— Your goal —
Using the entries that follow, transcribe only the lines from the line with "免疫联合组和化疗组各级不良反" to the line with "Design of a", both included, exactly as they stand and without pictures.

━━━ Material for this exercise ━━━

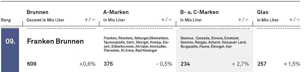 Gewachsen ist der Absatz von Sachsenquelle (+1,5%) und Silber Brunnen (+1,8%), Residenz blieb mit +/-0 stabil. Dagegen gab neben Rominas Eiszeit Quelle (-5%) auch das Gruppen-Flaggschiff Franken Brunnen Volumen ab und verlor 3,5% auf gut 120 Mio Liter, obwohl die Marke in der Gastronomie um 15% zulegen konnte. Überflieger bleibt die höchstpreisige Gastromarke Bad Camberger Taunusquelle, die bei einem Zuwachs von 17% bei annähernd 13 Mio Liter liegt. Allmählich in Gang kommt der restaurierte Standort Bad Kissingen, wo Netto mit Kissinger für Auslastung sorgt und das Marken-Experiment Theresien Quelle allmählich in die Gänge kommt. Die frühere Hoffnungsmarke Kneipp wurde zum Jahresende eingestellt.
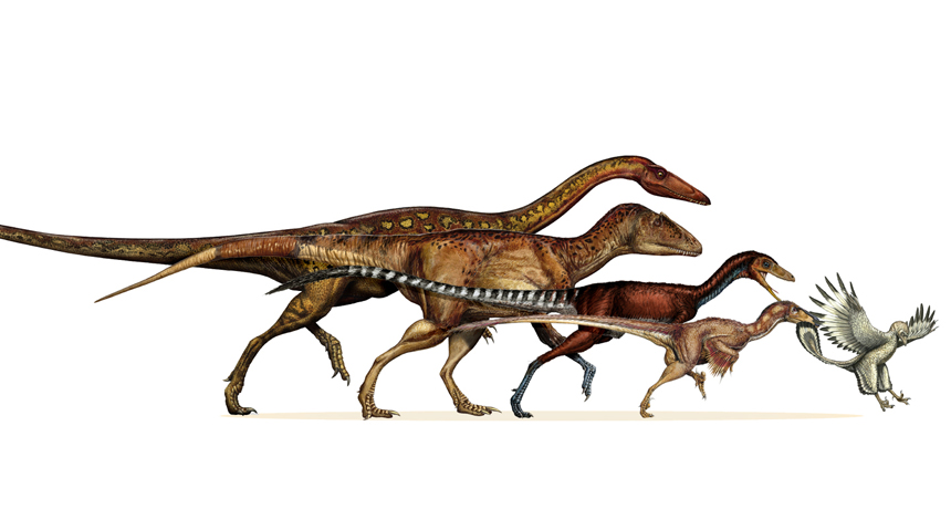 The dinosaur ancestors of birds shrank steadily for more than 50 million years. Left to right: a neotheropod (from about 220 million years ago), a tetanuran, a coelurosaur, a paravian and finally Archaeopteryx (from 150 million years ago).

━━━
━━━ Material for this exercise ━━━

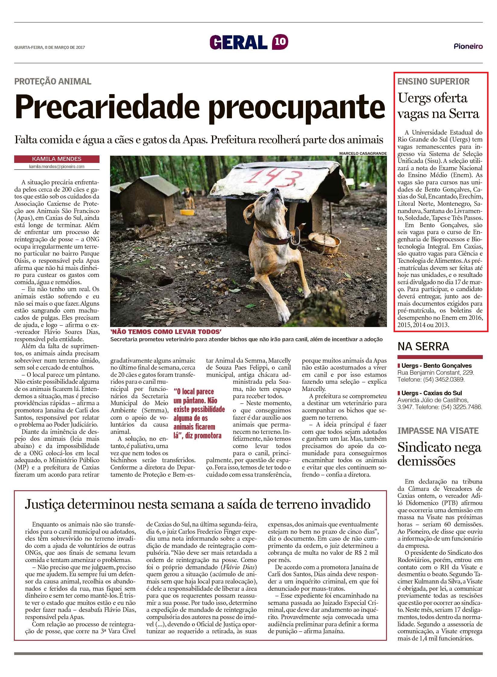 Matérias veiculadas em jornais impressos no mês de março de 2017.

━━━
━━━ Material for this exercise ━━━

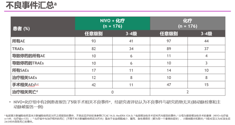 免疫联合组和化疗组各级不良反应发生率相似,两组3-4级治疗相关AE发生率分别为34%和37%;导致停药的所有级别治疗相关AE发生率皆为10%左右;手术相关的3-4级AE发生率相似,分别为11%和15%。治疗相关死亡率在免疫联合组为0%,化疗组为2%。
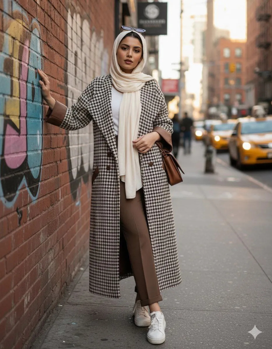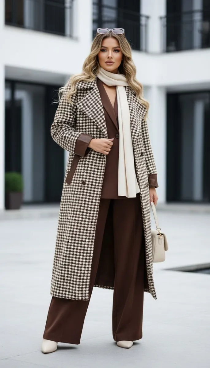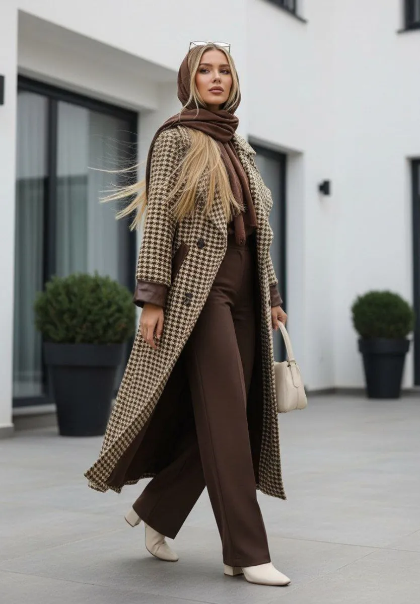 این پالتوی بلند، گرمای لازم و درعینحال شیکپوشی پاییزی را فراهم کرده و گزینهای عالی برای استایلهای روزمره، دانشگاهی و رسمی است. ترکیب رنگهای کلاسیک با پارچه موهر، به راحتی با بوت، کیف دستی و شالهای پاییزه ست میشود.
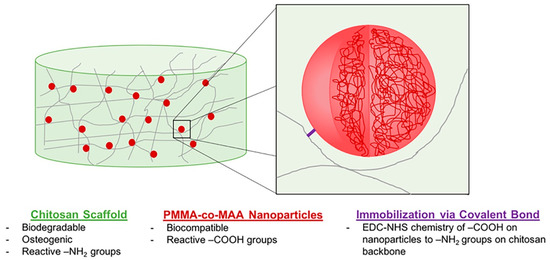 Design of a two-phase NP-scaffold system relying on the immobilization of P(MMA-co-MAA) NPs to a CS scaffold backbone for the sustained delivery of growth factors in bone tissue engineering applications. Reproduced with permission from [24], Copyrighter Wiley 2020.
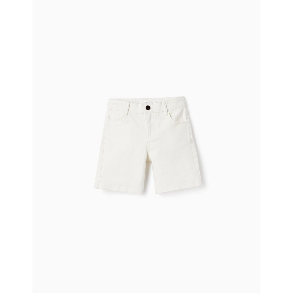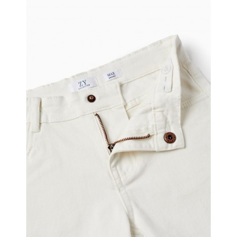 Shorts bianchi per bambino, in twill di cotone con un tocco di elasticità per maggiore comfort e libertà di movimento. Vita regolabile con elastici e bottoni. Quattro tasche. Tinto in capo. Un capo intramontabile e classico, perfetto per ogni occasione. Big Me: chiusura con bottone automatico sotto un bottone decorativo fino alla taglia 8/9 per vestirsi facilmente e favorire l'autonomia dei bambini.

━━━

— Exercise solution —
 免疫联合组和化疗组各级不良反应发生率相似,两组3-4级治疗相关AE发生率分别为34%和37%;导致停药的所有级别治疗相关AE发生率皆为10%左右;手术相关的3-4级AE发生率相似,分别为11%和15%。治疗相关死亡率在免疫联合组为0%,化疗组为2%。
 این پالتوی بلند، گرمای لازم و درعینحال شیکپوشی پاییزی را فراهم کرده و گزینهای عالی برای استایلهای روزمره، دانشگاهی و رسمی است. ترکیب رنگهای کلاسیک با پارچه موهر، به راحتی با بوت، کیف دستی و شالهای پاییزه ست میشود.
 Design of a two-phase NP-scaffold system relying on the immobilization of P(MMA-co-MAA) NPs to a CS scaffold backbone for the sustained delivery of growth factors in bone tissue engineering applications. Reproduced with permission from [24], Copyrighter Wiley 2020.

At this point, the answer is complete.